The following is the Examiner.com review of the POISON concert at the Ashley HomeStore Pavilion by Ted Hansen
It was fitting that Poison closed their set on Friday night, June 17, 2011 at the Ashley HomeStore Pavilion in Phoenix with "Nothin But A Good Time," for thats what the band, along with their fans, had just experienced. For almost sixty minutes, lead singer Bret Michaels, guitarist C.C. DeVille, bassist Bobby Dall and drummer Rikki Rocket reminded the audience of who Poison can be. A good time, party down, crank it loud, unskinny bopping quartet that has morphed from a 1980s glam/hair band to a solid group of rock and rollers. Touring in honor of the twenty-fifth anniversary of the release of their initial album Look What the Cat Dragged In, the audience was treated to a night of Poisons greatest hits.

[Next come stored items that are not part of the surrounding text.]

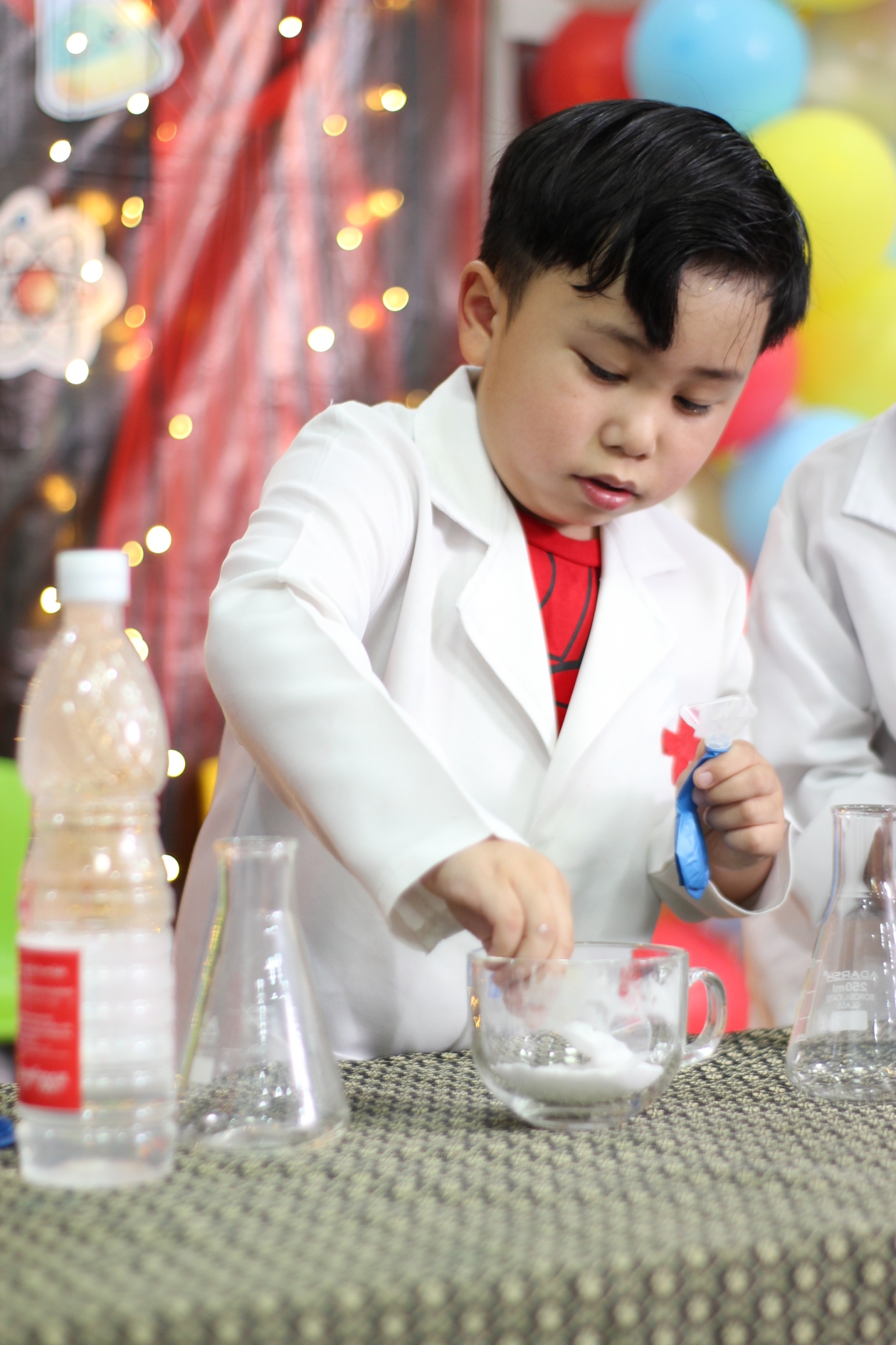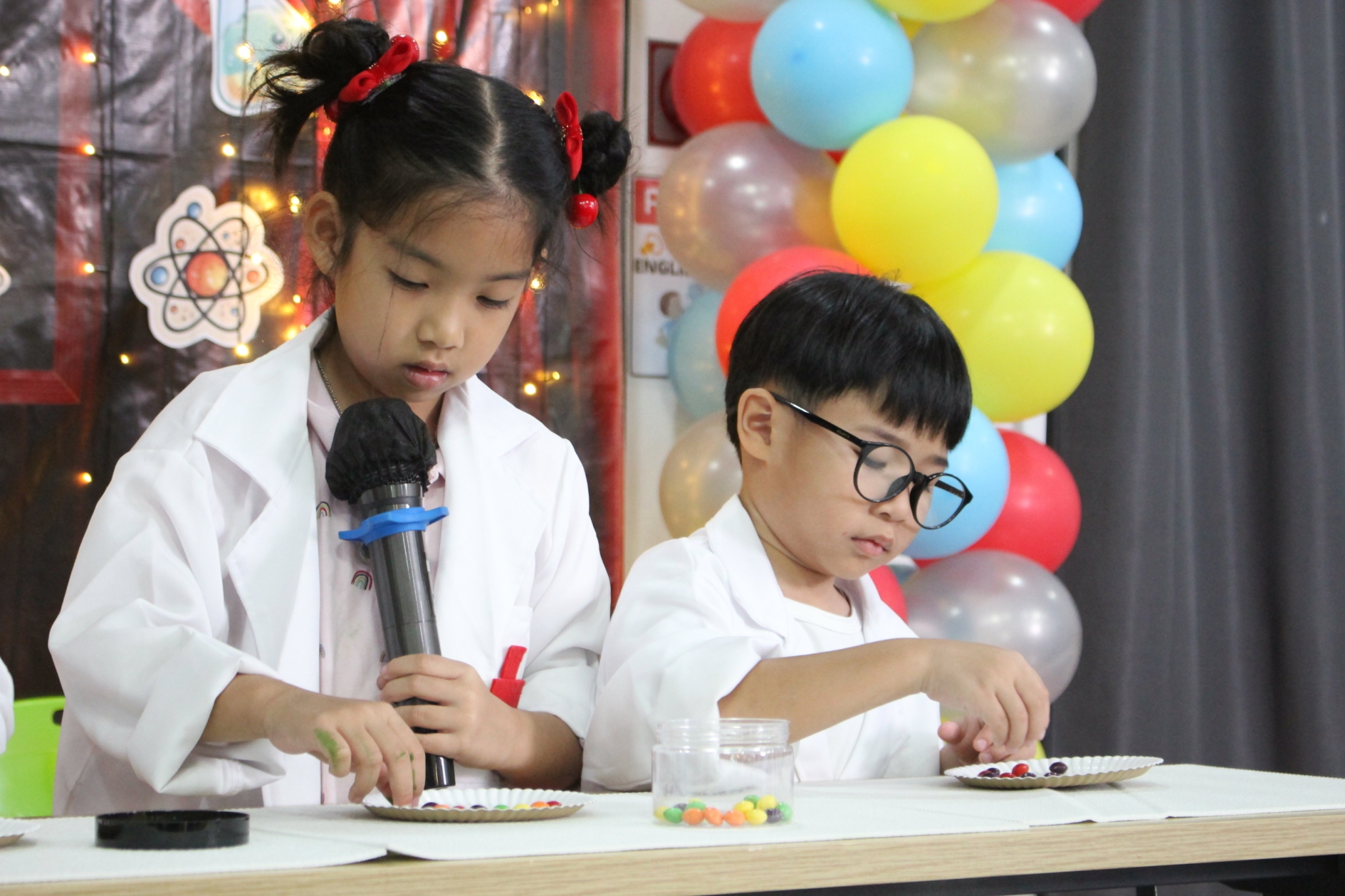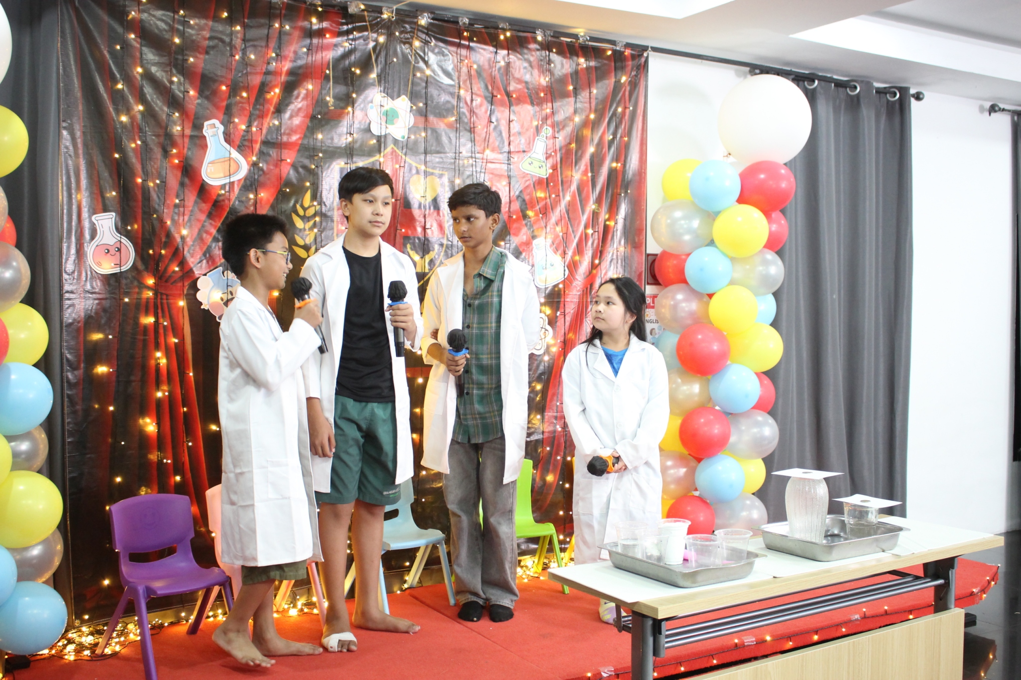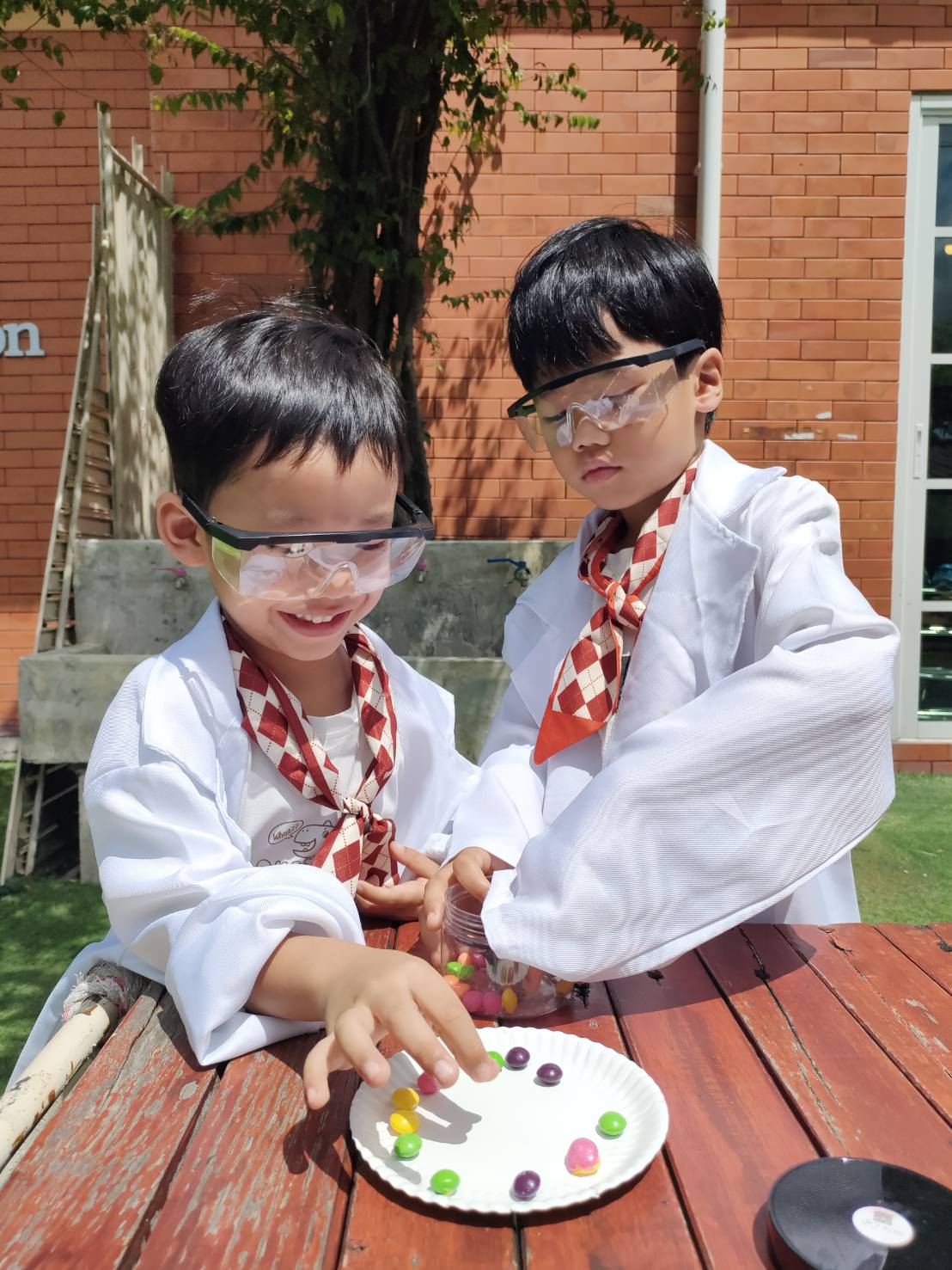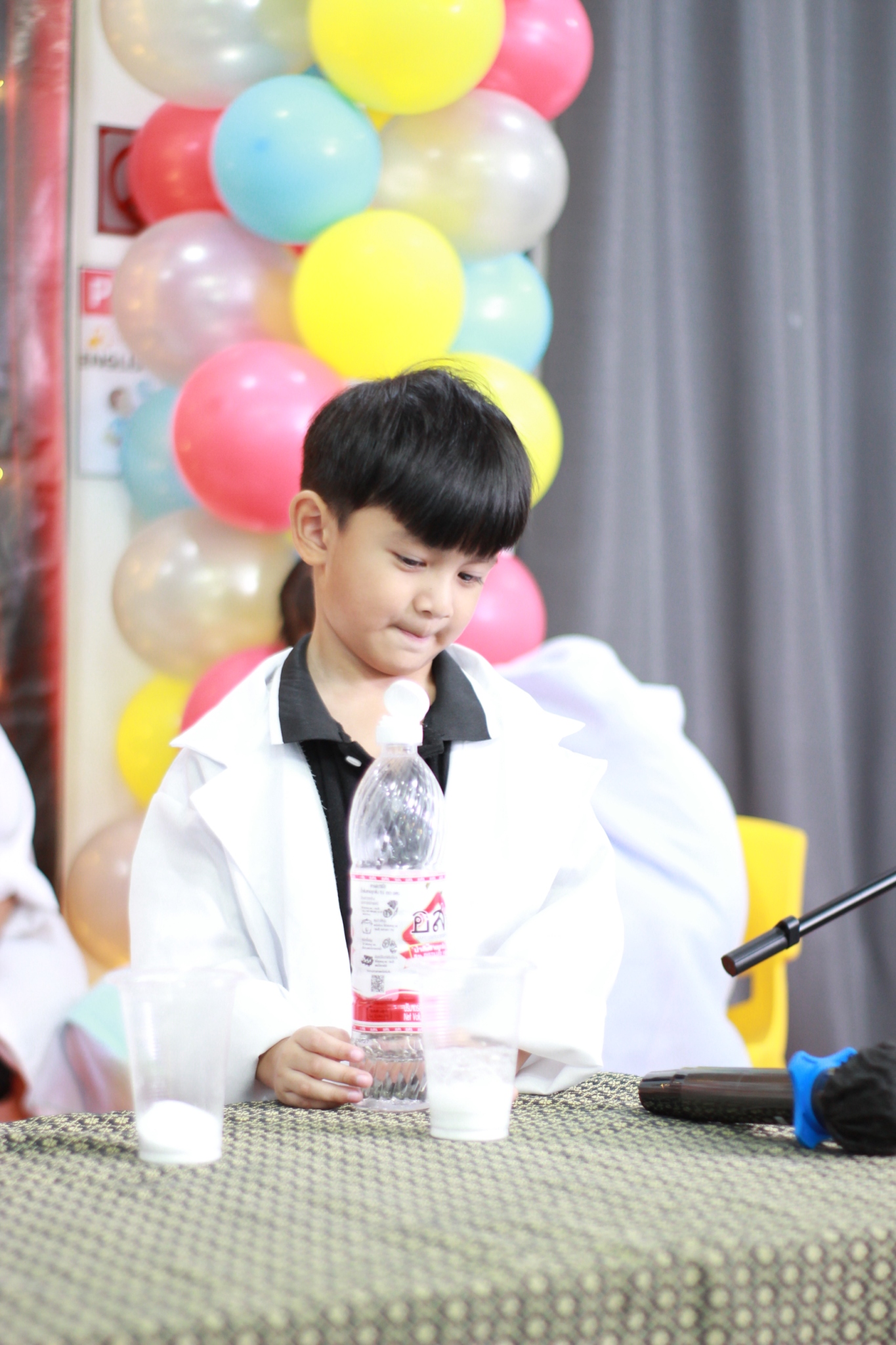 เหล่าเด็กๆ สวมเสื้อกาวน์ ใส่แว่นนักวิทยาศาสตร์เหมือนมืออาชีพตัวจิ๋ว พอทุกคนได้รวมตัวกันรทดลอง เสียงหัวเราะก็ดังขึ้นไม่หยุด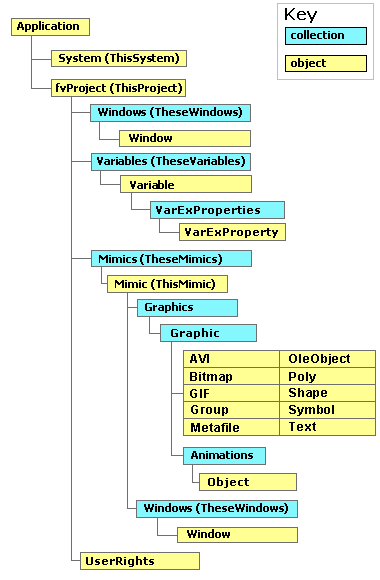 To manipulate HMI objects, you must know the relationships among them. The highest level object is Application. All other objects are subordinate to it, so you can use the Application object's properties and methods to access the subordinate objects.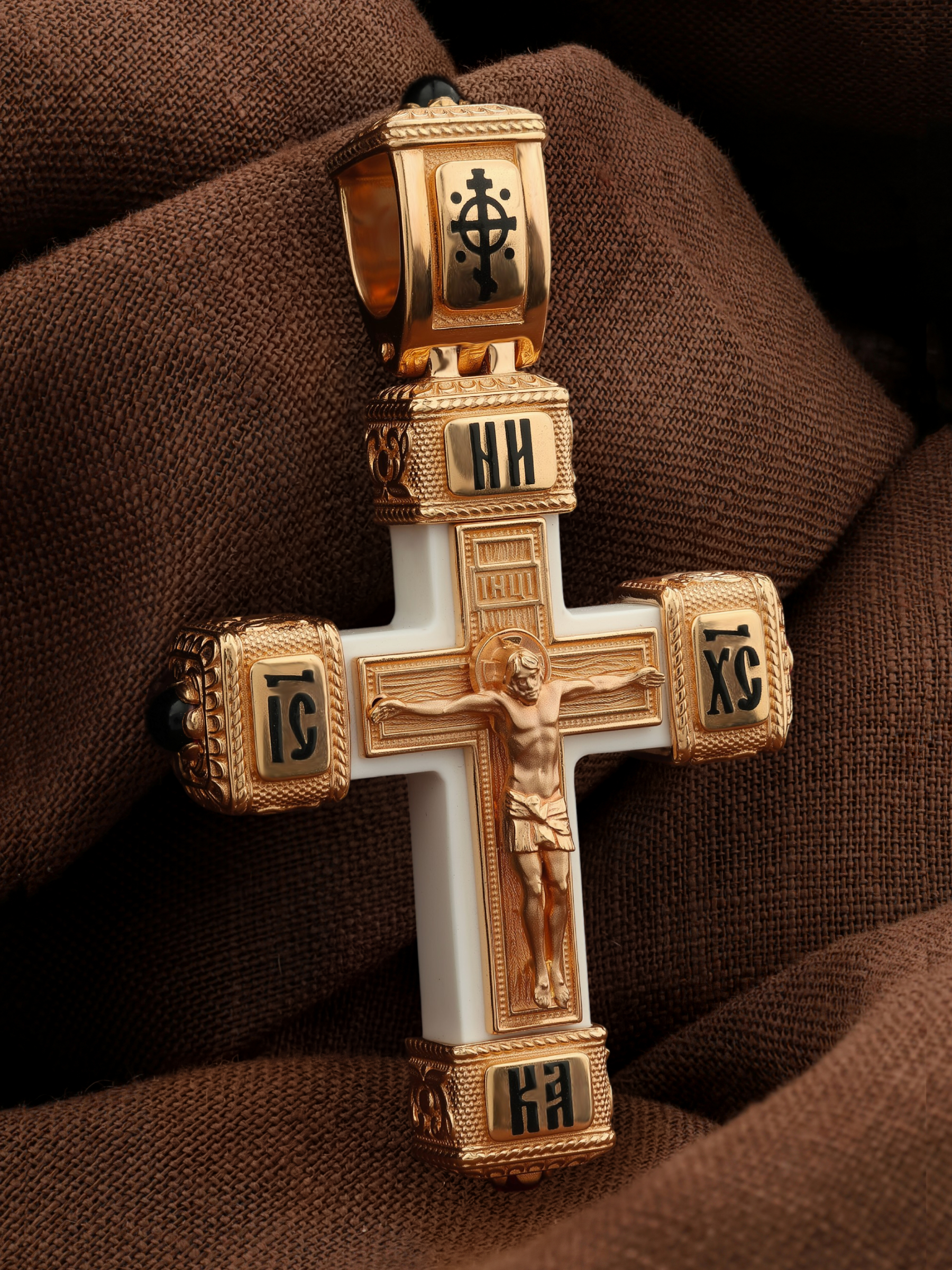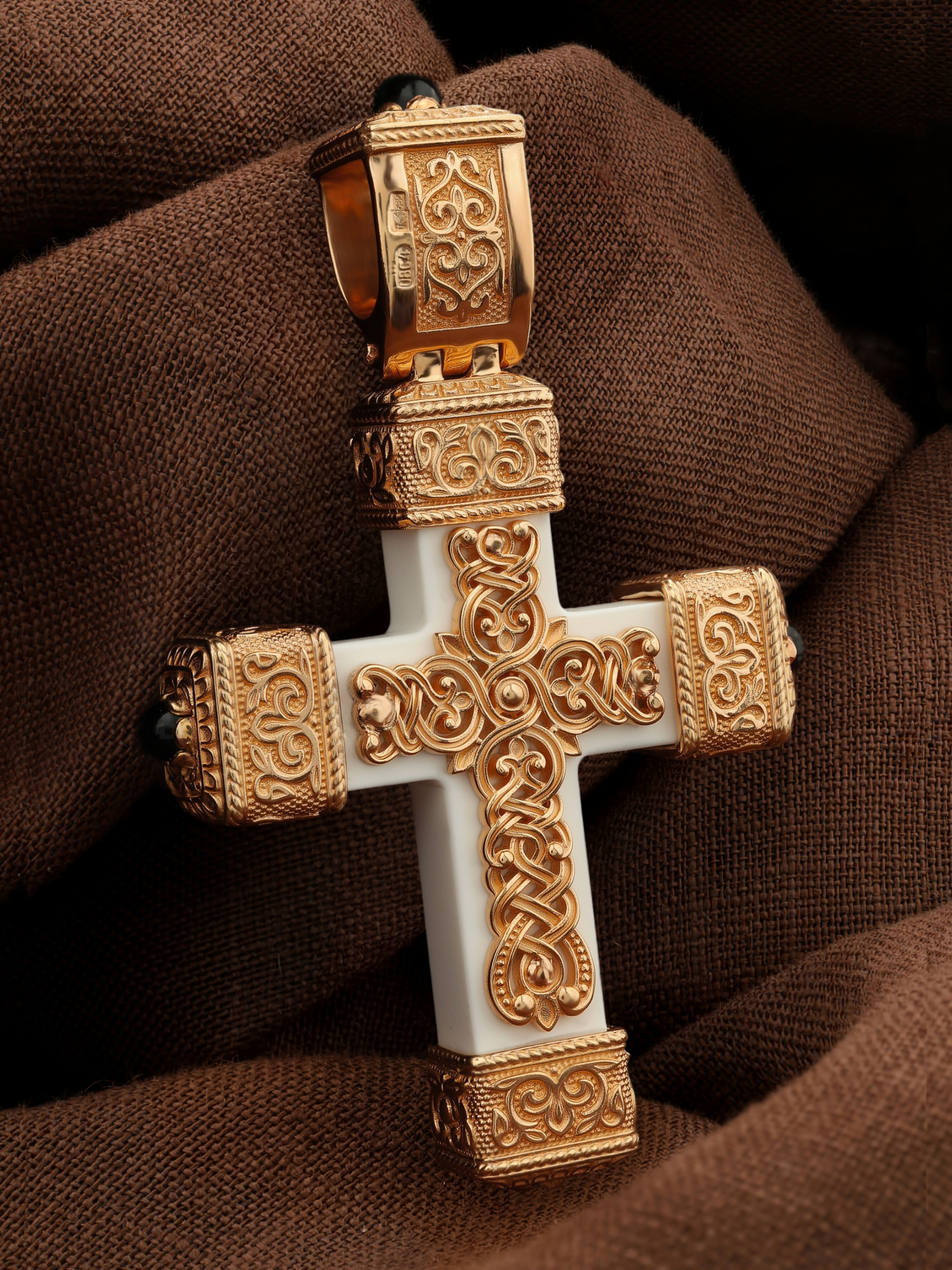 Крест из золота c эмалью, ониксом и бивнем мамонта

As the second act in the popular Mötley Crüe/Poison/New York Dolls tour, Poison was limited in what they could do. The song list was shorter than normal and the stage production perhaps a few pyrotechnics shy of what Poison and their fans may have wanted (although flames a plenty still came with the package). With a profile of a skull head surrounded by roses and wearing a flamed top-hat with a cigarette-holder in its teeth as the backdrop, the crowd came to its feet when Bret Michaels first appeared high above the band as they kicked into "Look What the Cat Dragged In."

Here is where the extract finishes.